Modern Mining

Vedanta’s Black Mountain Mine in the Northern Cape will become the first local mine to adopt a new generation jumbo Sandvik DD422i with the new control system technology for tunnelling and blasting of a new decline shaft development.

The delivery of the automated Sandvik DD422i mining jumbo to the mine later this year once again propels it to the forefront of mining technology. According to Saltiel Pule, Sandvik Mining and Rock Technology’s Business Line Manager – Underground Drills Southern Africa, Black Mountain has been eager to adopt new technologies for drills. The addition of the automated jumbo at the mine will deliver higher development rates and increased production.
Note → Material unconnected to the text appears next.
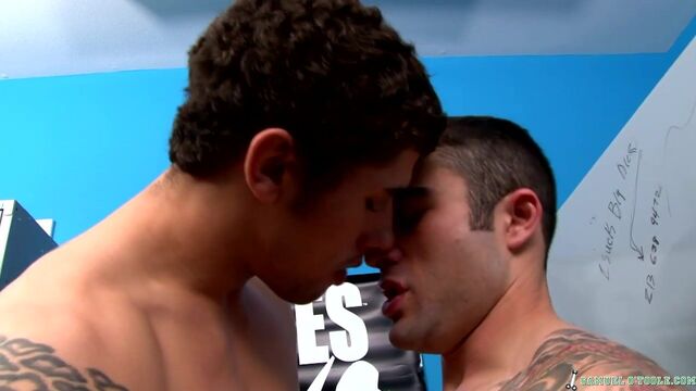 Samuel O'Toole has been coming to this bathroom for some time, jerking off in the stall and waiting for someone else to enter. He's spied on guys from the outside, watched guys pee from the inside, and secretly always had a fantasy to fuck some hot stranger through the glory hole. All this wasn't really his main concern as he sat in the stall, scanning his phone for some spank material and trying to squeeze one out real quick. Jimmy Clay just had to take a piss, but once he got a look at Sammy's massive cock, his thoughts quickly turned to something else. And when the two of them exchange wanting looks through the glory hole, Sammy seizes the opportunity and goes all in, literally, shoving his cock through the hole and waiting for Jimmy's next move. Predictably, Jimmy takes this once in a lifetime opportunity and grabs it by the horns, er, the balls. Before too long, Sammy is balls deep in Jimmy's ass and loving it, and to Jimmy's credit, he's experiencing deep new joys he never thought could be found on the restroom floor. This is one bathroom stall these guys are both gonna have to frequent a lot more often.Enjoy!

Next generation jumbo for Black Mountain

The Sandvik DD422i mining jumbo features new control system technology.

“Black Mountain Mine was always going to be the right partner, the right cause and the right application. The rig will be breaking new ground in a defined decline development and shaping the course of the mine for the next few years. This will be a giant leap similar to the AutoMine, automated truck loop system used at Finsch mine since 2005, which has provided an incredible 12 years of automation demonstrating the technology leading role of mines in the Northern Cape,” says Pule.
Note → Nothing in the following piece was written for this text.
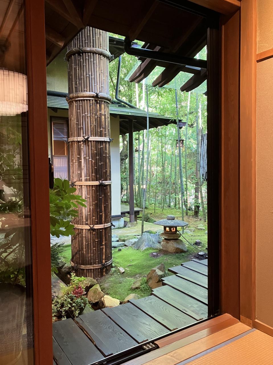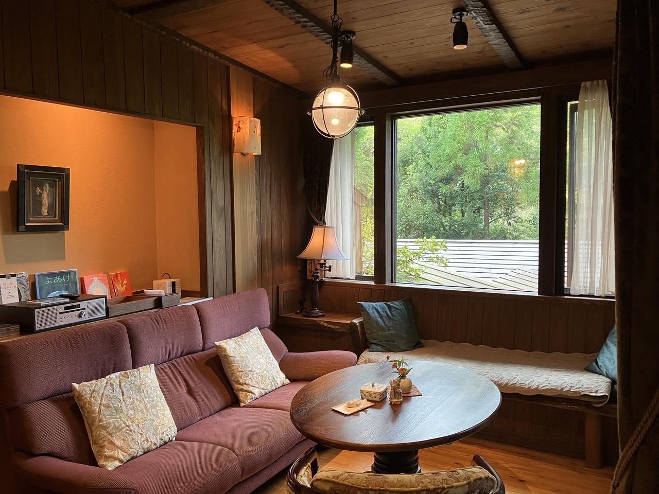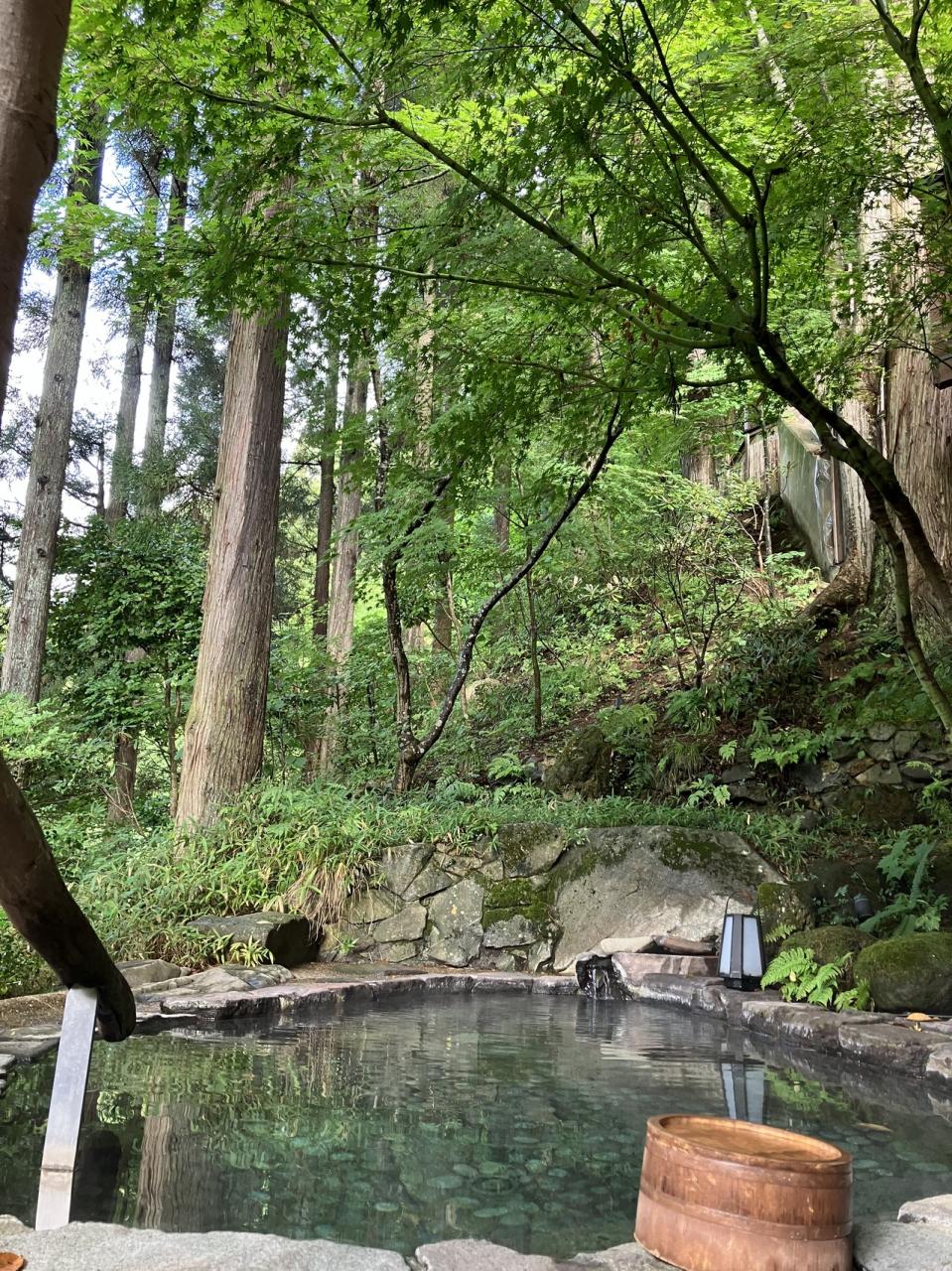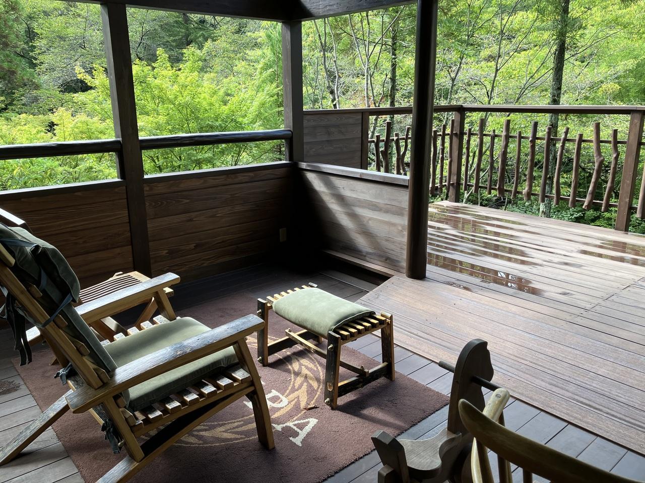 お部屋からは岩の湯1階フロアの屋根越しに、豊かな森が見渡せます

“We believe that the Northern Cape is the jewel in the crown when it comes to technology and breaking ground in the South African industry. Because of its geology and remoteness, it has that something special when it comes to adapting and attracting high level technologies.”

Global trends

Pule explains that the Sandvik DD422i has the widest range of automatic drilling functions available which allows significantly improved productivity and reduced costs. This dovetails with global trends that reveal that mining houses and mining contractors are looking for more cost-effective ways to mine and develop declines effectively.

The challenges arise from Environmental, Health and Safety (EHS) pressures on both the mining suppliers and the owners for lower emissions, improved ergonomics and reduced noise, while deeper orebodies pose increased environmental challenges, combined with a worldwide shortage of skilled operators. The Sandvik new generation mining jumbos and technology overcome these challenges.

While a shortage of skills may be relevant in South Africa, the use of the AutoMine platform and other technologies demonstrates that Sandvik has the skills and expertise available to address this challenge and ensure that these technologically advanced mines remain in a position to achieve production objectives.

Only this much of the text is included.